§ DATA FOR THIS TASK:
==================================================

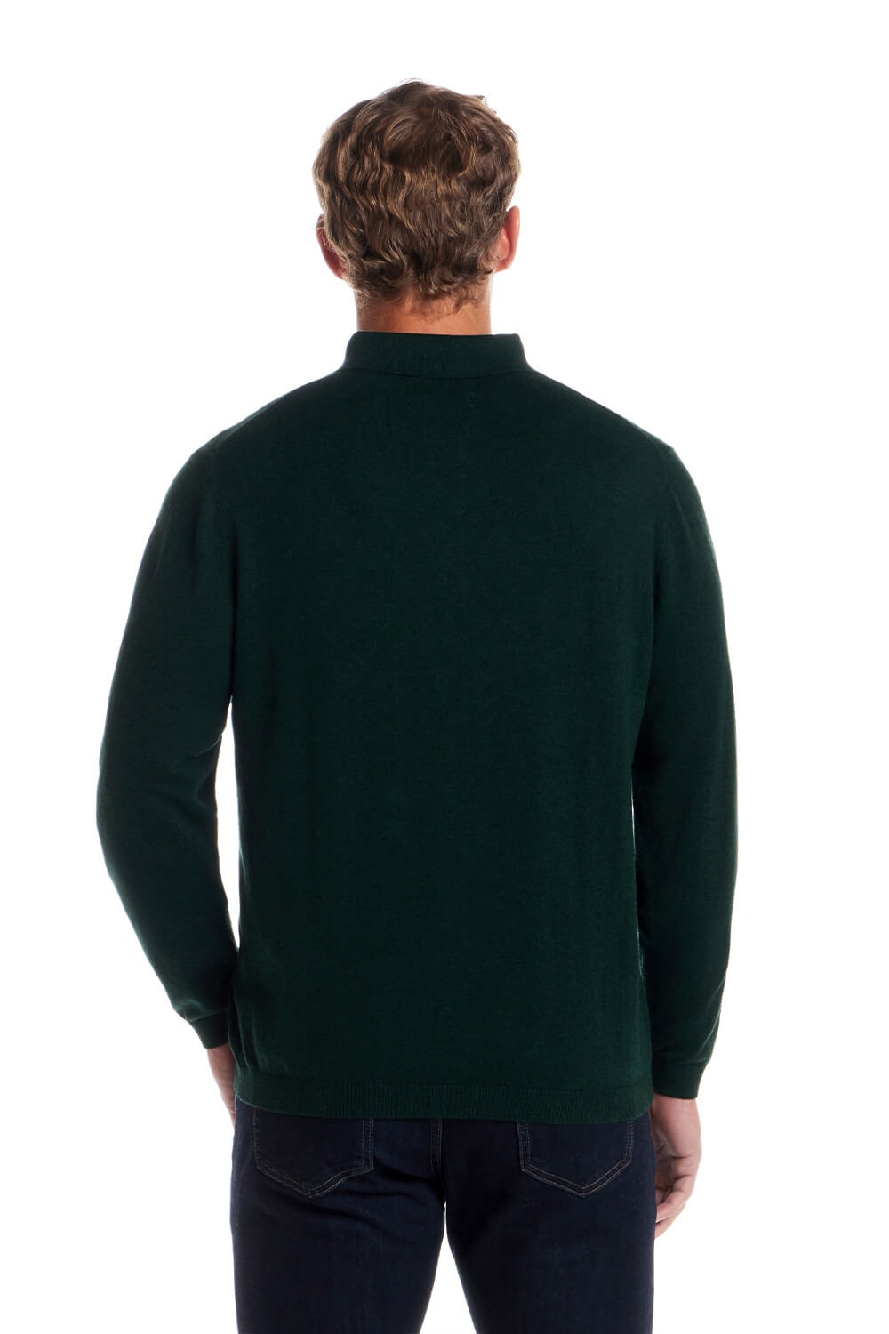 Weatherproof Cotton Cashmere Sweater Polo Shirt for Men in Pine Green
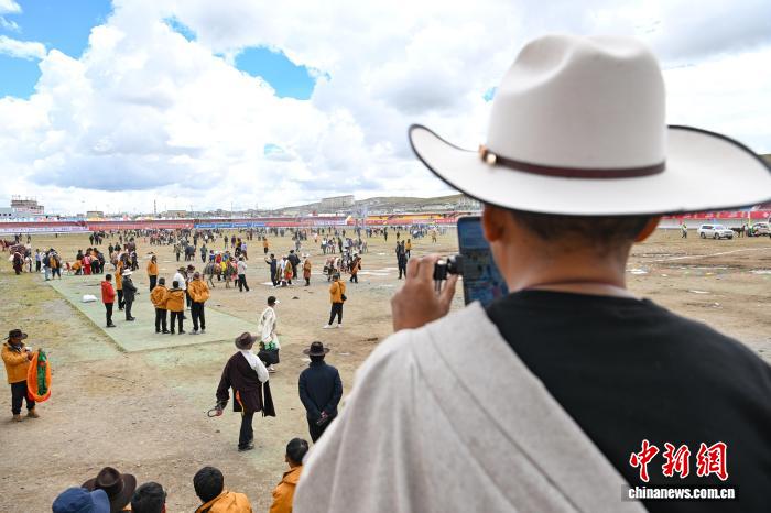 圖為當(dāng)?shù)孛癖娪檬謾C(jī)直播恰青賽馬節(jié)傳統(tǒng)大跑決賽。中新社記者 貢嘎來松 攝
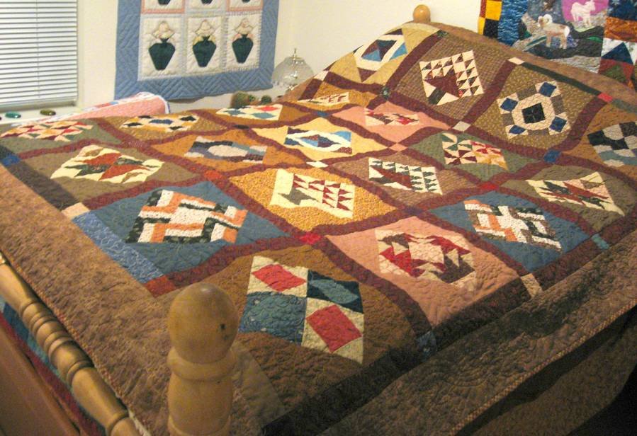patricia3 In Olden Days - This is a BOM quilt of old style blocks that came with paper templates. I converted them to more modern measurements for accurancy and ease in making the blocks. Quilting consists of an undulating feathered border and large feathered circles centered on each of the 20 blocks. The quilt was made for donation to InterFaith Quilters of Longmont , CO for their annual sale to raise money for local charities.
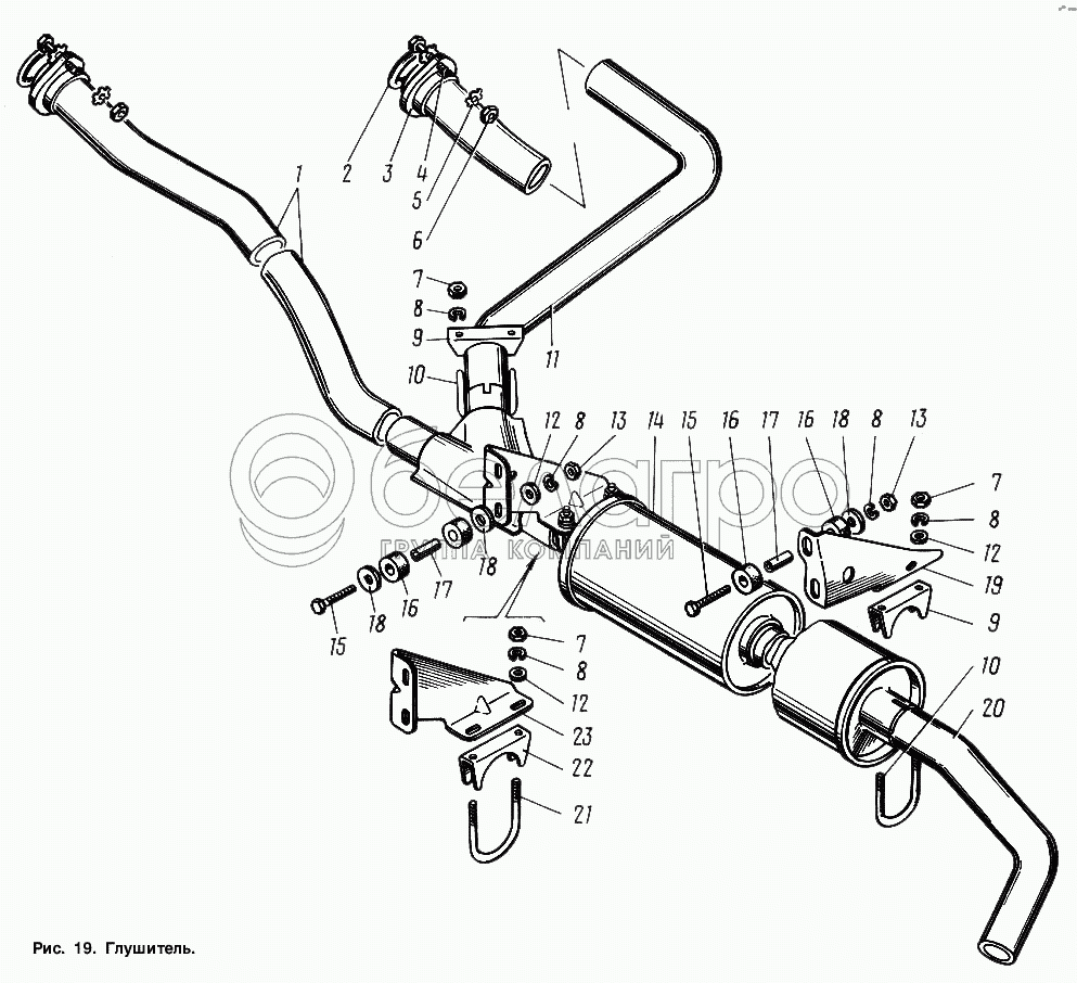 Каталог запасных частей к технике: ГАЗ-3307. Глушитель
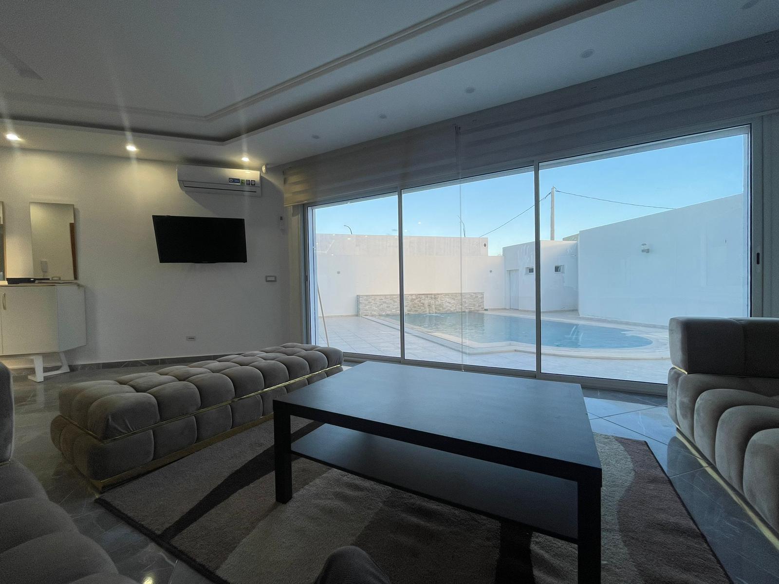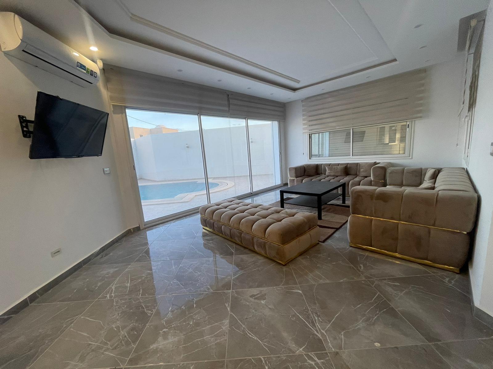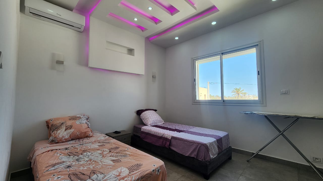 Profiter de passer des belles vacances dans cette magnifique villa S+4 à Aghir Djerba Elle dispose une suite parentale ,3 chambres à coucher ,salle d’eau,cuisine bienéquipée
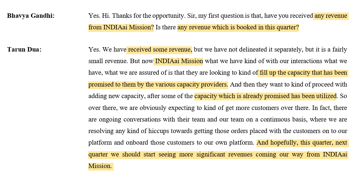 Cautiously optimistic on IndiaAI Mission revenue ramp.
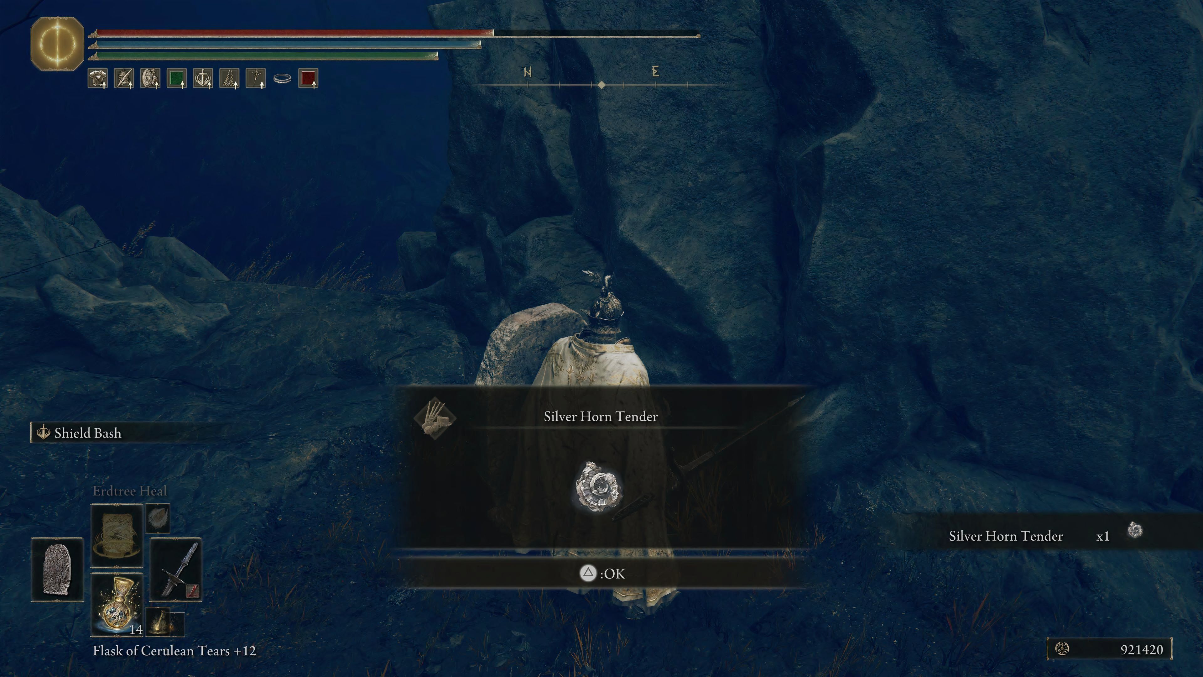 Al oeste de la Aldea, encontrarás un altar. Interactúa y recoge el objeto de este altar para adquirir las Cenizas Espirituales Reverenciadas. Retrocede y dirígete hacia la izquierda subiendo algunas rocas. Habrá varios enemigos aquí, así que trátalos y saquea el cadáver para obtener el Cuerno Plateado Tierno.

==================================================

§ PROBLEM:
Exactly the lines running from the one with "Profiter de passer" through the end of the listing above must be output, both ends included. No pictures belong in the output.

§ SOLUTION:
 Profiter de passer des belles vacances dans cette magnifique villa S+4 à Aghir Djerba Elle dispose une suite parentale ,3 chambres à coucher ,salle d’eau,cuisine bienéquipée
 Cautiously optimistic on IndiaAI Mission revenue ramp.
 Al oeste de la Aldea, encontrarás un altar. Interactúa y recoge el objeto de este altar para adquirir las Cenizas Espirituales Reverenciadas. Retrocede y dirígete hacia la izquierda subiendo algunas rocas. Habrá varios enemigos aquí, así que trátalos y saquea el cadáver para obtener el Cuerno Plateado Tierno.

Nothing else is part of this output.